Barrow County Sheriff Jud Smith choked up as he began to speak during the briefing. He said he was born and raised in the community and his kids are in the school system.
"My heart hurts for these kids. My heart hurts for our community," he said. "But I want to make it very clear that hate will not prevail in this county. I want that to be very clear and known. Love will prevail over what happened today."
It was the the latest among dozens of school shootings across the U.S. in recent years, including especially deadly ones in Newtown, Connecticut, Parkland, Florida, and Uvalde, Texas. The classroom killings have set off fervent debates about gun control and frayed the nerves of parents whose children are growing up accustomed to active shooter drills in classrooms. But they have done little to move the needle on national gun laws.
Before Wednesday, there had been 29 mass killings in the U.S. so far this year, according to a database maintained by The Associated Press and USA Today in partnership with Northeastern University. At least 127 people have died in those killings, which are defined as incidents in which four or more people die within a 24-hour period, not including the killer — the same definition used by the FBI.
Last year ended with 217 deaths from 42 mass killings, making 2023 one of the deadliest years on record for such shootings in the country.

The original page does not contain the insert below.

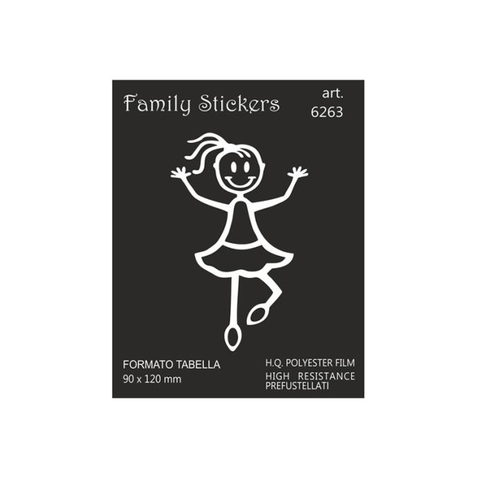 Nalepka Family Girl je nalepka s podobo punčke v krilu, stilizirano v beli barvi, na prozornem lepilnem papirju. Namenjena je okrasitvi zadnjega stekla na avtomobilu. Na voljo tudi podobe: mama, oče, punčka z balonom, dojenček, dojenčica, hišni ljubljenčki, fant s slušalkami, fant z rolko in fant z žogo. Enostavno izberete nalepke, ki predstavljajo člane vaše družine in okrasite svoj avtomobil.

On Wednesday in Winder, Landon Culver, an 11th grader, said he had stepped out of his algebra class to get a drink of water when he heard shots and then saw someone wearing a black hoodie with a long gun.
"I didn't really stick around too long to look," he said.
Instead he ran back inside the classroom and locked the door. The class huddled in the back in the dark and waited for the rampage to end. Culver listened as gunshots rang out in the building.
"You're just wondering like, which one of those is going to be somebody that you're best friends with or somebody that you love?" he said.
Later police officers arrived and escorted the students out. As they were leaving the building, Culver saw "multiple people who had been shot."